Recidivism rates are very bad, who is to blame for that? The courts for failing to properly punish/rehabilitate the offenders, or the Police for apprehending the offenders after they have been released from custody?

ITS THE DRUGS MAN!!! The majority of these are not your regular Aussie,middle class people. They are poverty stricken, mostly from horrific backgrounds, with unstable & unsafe home lives (if they are lucky enough to have someone looking out for them) with learning difficulties and/or lower levels of education.
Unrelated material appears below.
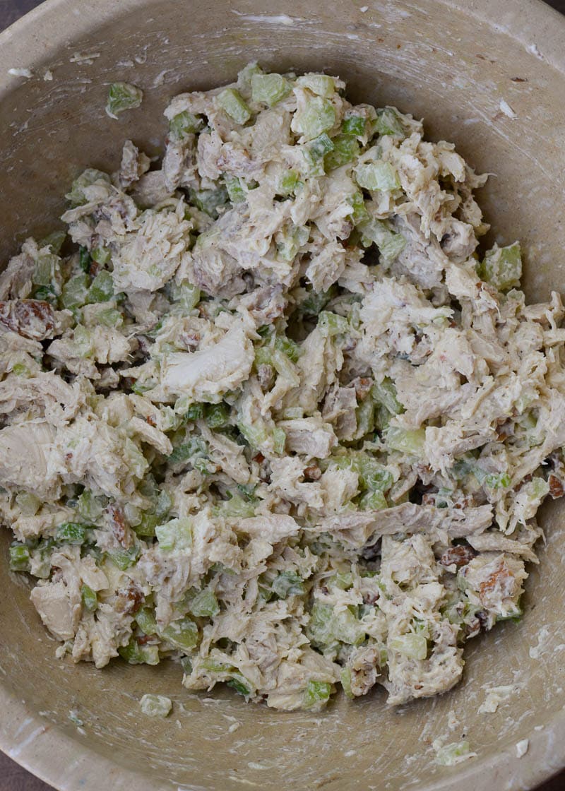 The best thing about chicken salad is how easy it is to make! Put all your ingredients in a bowl, mix until well mixed, then chill until you’re ready to serve. You can sprinkle more pecans, green onions, or fresh herbs on top as garnish, too. If you’re measuring out your ingredients beforehand, it can be helpful to refer to this guide on How Many Ounces in a Cup, especially if you’re using canned chicken. This guide is easy to follow and printable, so you can refer back to it any time you need it!

And their numbers are growing big time with the meth…

buzz819 10:45 am 10 Jul 16

Thanks for that, is there an extended report to that?

The clearance rate listed was for a 30 day period, what about 60 day period and over 90 days?

From looking at media reports most armed robbery’s and indeed burglary’s aren’t put before the courts until up to a year later. When is the offence seen as cleared? When the matter proceeds to court, when the matter is finalised at court or when an offender is identified?

The report also shows that ACT Police has the least amount of staff, yet in most instances people feel safer both in their homes and walking the streets at night.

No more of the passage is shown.